Top of Data for processing

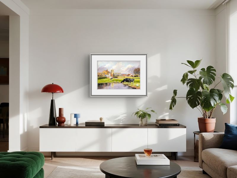 This tranquil watercolour that captures a peaceful view of Bempton village. The painting features cows and geese gathered by a...
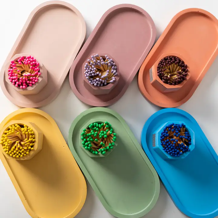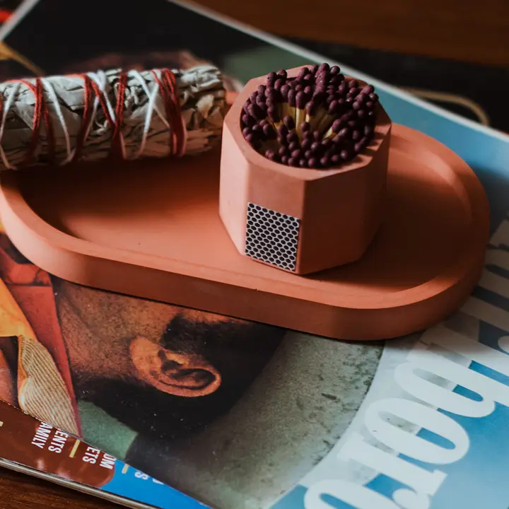Each match stick holder is hand-poured concrete with a cork bottom to protect your surfaces. Each set comes matches included. There is also a striker pad attached to the side of your holder for easy lighting.
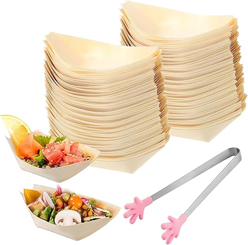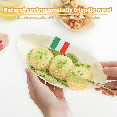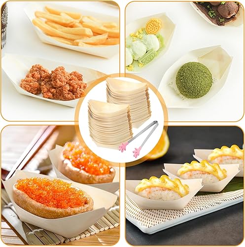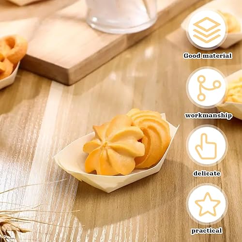 WANDGU 200 pièces de barquettes apéritives : Barquettes à finger food 8,5 x 6 cm, barquettes en bois de pin, barquette biodégradable en bambou, barquette pour saucisses frites sushis
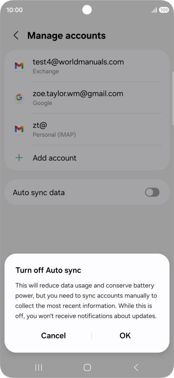 Press the indicator next to "Auto sync data" to turn the function on or off.
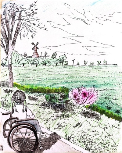 今年11岁的易诺,是通城县五里镇中心小学的一名小学生。六岁时的她一次意外受伤,导致一级伤残,虽然小小年纪被困于轮椅上,但是她始终开朗自信,积极阳光。画画是她最喜欢做的事情,被困在病床上的一千多个日夜,她坚持画画,每一笔、每一划都充满了她对生活的热爱和对美好未来的向往。
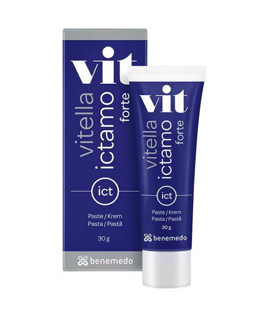 + Free ShippingVitella Ictamo Forte crema, 30 g, Benemedo Crema Vitella Ictamo Forte pentru modificări dificile ale pielii este un produs specializat cu eficientă sporită antiinflamatoare, antifungice, antibacteriene si anti-mancărime. Pentru pielea cu probleme. Poate fi utilizata pentru: acnee , seboree, cicatrici, simptome de atopie – mancărime, roseată. Contine 3% concentratie de ihtiol limpede, care ca
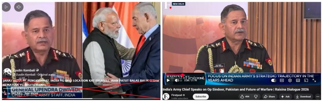 Video tersebut bertajuk: "India's Army Chief Speaks on Op Sindoor, Pakistan and Future of Warfare | Raisina Dialogue 2026".
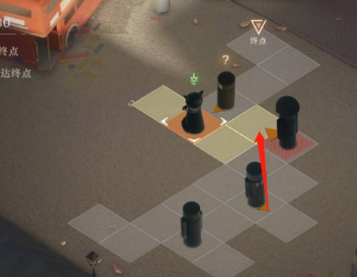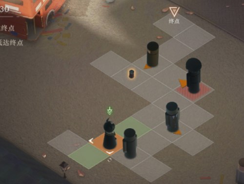 ②第二步我们可以一直畅通无阻的走到交叉警察旁边的交叉路口,这个时候我们往上走先把道具捡到手,把道具仍在警察的前面挡住警察前进的道路。
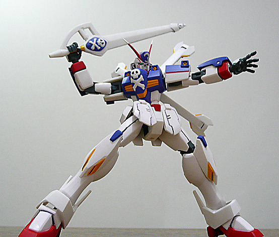 でも画像はいきなり「ロボット魂クロスボーンガンダムX−3」だ!(笑)いや、最近発売されたもので。いつもながら大胆なポーズが決まりますな、このシリーズは。個人的に、「ロボ魂」は気に入ったアイテムが多いので応援しております!この調子で、木星圏MSなども、出していただけると、うれしいな、っと!(やはり敵キャラあってのガンダムでしょう!)せっかくなので3体そろい踏み、記念写真などを…ああ、こらX-2!もうちょっと左に寄らないと顔が隠れちゃうよ!
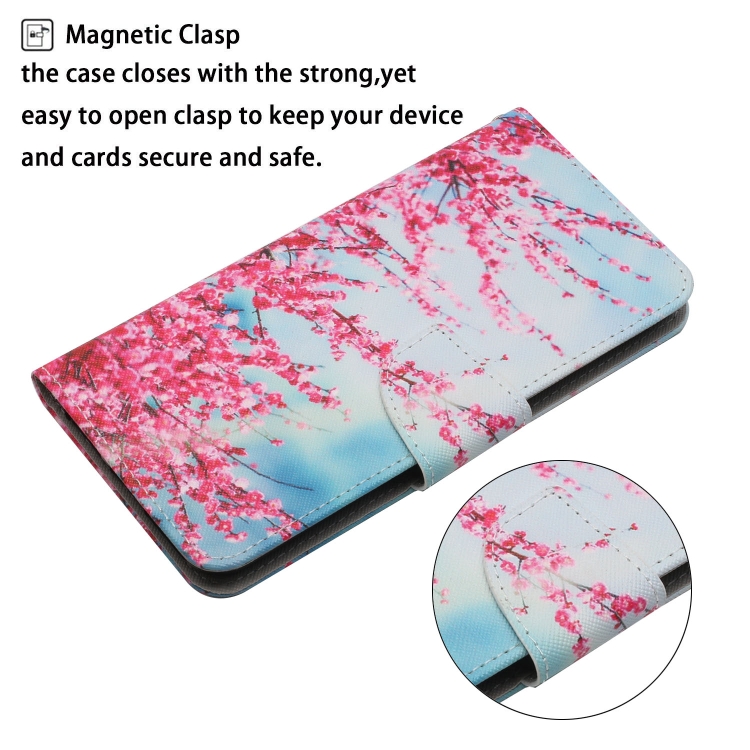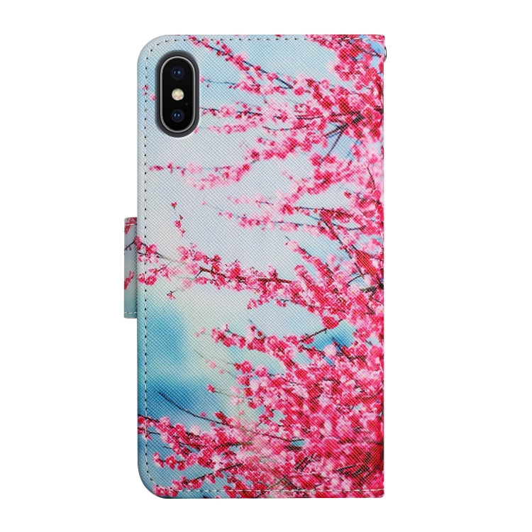 Estuche de Cuero para iPhone X Xs con Tapa Horizontal Soporte Ranura Tarjeta Billetera (Flores de Cerezo Rojas)
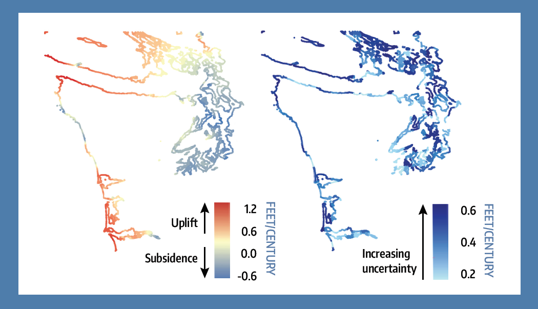 Figure 21. Vertical land movement best estimate rates (left) expressed in feet per century and their uncertainties (1 standard deviation, right) as estimated for Washington’s coastline (Miller et al. 2018).
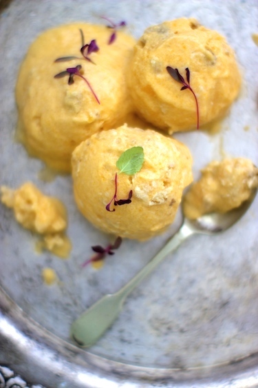 via twopeasandtheirpod. comCaramel Cinnamon Ice Cream with Black Gingerbread Chunk

Bottom of Data for processing

The required output is a verbatim repetition of the lines from the opening of the entries above through the line containing "今年11岁的易诺,是通城县五", inclusive, with no pictures and nothing else.

### Response area
 This tranquil watercolour that captures a peaceful view of Bempton village. The painting features cows and geese gathered by a...
Each match stick holder is hand-poured concrete with a cork bottom to protect your surfaces. Each set comes matches included. There is also a striker pad attached to the side of your holder for easy lighting.
 WANDGU 200 pièces de barquettes apéritives : Barquettes à finger food 8,5 x 6 cm, barquettes en bois de pin, barquette biodégradable en bambou, barquette pour saucisses frites sushis
 Press the indicator next to "Auto sync data" to turn the function on or off.
 今年11岁的易诺,是通城县五里镇中心小学的一名小学生。六岁时的她一次意外受伤,导致一级伤残,虽然小小年纪被困于轮椅上,但是她始终开朗自信,积极阳光。画画是她最喜欢做的事情,被困在病床上的一千多个日夜,她坚持画画,每一笔、每一划都充满了她对生活的热爱和对美好未来的向往。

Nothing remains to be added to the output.